Tooker, who retired in March this year, has been admitted to the roll since 1989 and has no prior regulatory history. The SRA recorded that he co‑operated fully, demonstrated genuine insight into the failings and that, in practice, there was no actual harm or loss to the client or any third party. On that basis, the regulator assessed the risk of repetition as low.

Penalty calculation and costs

The financial penalty was set at 5% of Tooker’s gross annual income and reduced by 25% to reflect early admissions and co‑operation. In addition to the fine, he agreed to pay £1,350 towards the SRA’s costs.

OutcomeAmount
Fine (after reduction)£24,862
Costs£1,350

Why it matters in the Square Mile

Client accounts are tightly regulated to protect client funds and preserve public confidence in legal services. Using them as a conduit for general payments, even when connected to a client’s broader commercial arrangements, risks blurring the line between legal work and banking. The SRA’s findings underline that partners and senior fee‑earners in City firms remain accountable for ensuring rigorous controls around client money, regardless of the commercial pressures of complex, cross‑border matters such as those involving high‑value vessels.

  • Authorising payments from client accounts must be directly linked to the delivery of regulated legal services.
  • Internal audits and robust KYC reviews are essential safeguards to detect and prevent misuse.
  • Co‑operation, early admissions and a clean record can influence sanction levels, but breaches still attract significant penalties.

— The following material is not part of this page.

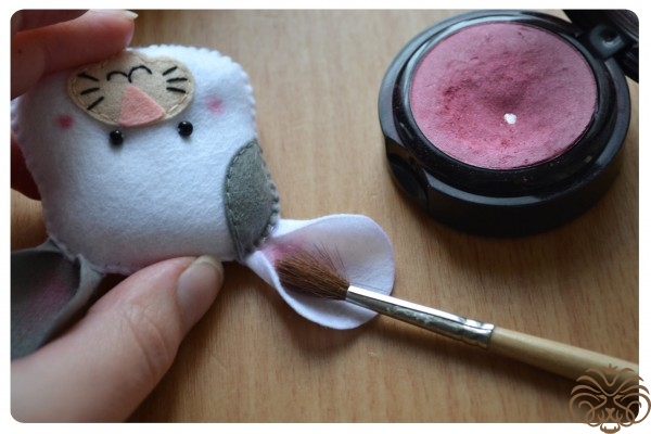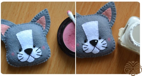 Румянами нарисуем котику щечки. Белой краской по ткани нарисуем на носике блеск. Спустя некоторое время часть краски впитается в фетр и нужно будет нанести второй слой краски и оставить до полного высыхания

Context for practitioners and clients

For legal practices operating in the City of London’s specialist markets, including shipping and yachting, the decision serves as a reminder that administrative convenience cannot override the SRA’s accounts regime. Firms are expected to maintain clear oversight of client funds, document decision‑making and ensure that any disbursements are squarely within the scope of regulated services on the matter in question. Clients, in turn, can expect law firms to ring‑fence client monies and avoid acting as de facto bankers.

The SRA’s notice concludes that, while the individual circumstances did not result in loss, the repeated use of the client account for non‑legal outgoings represented a serious compliance lapse. The case reinforces the regulator’s continuing focus on client account governance across the Square Mile’s legal sector.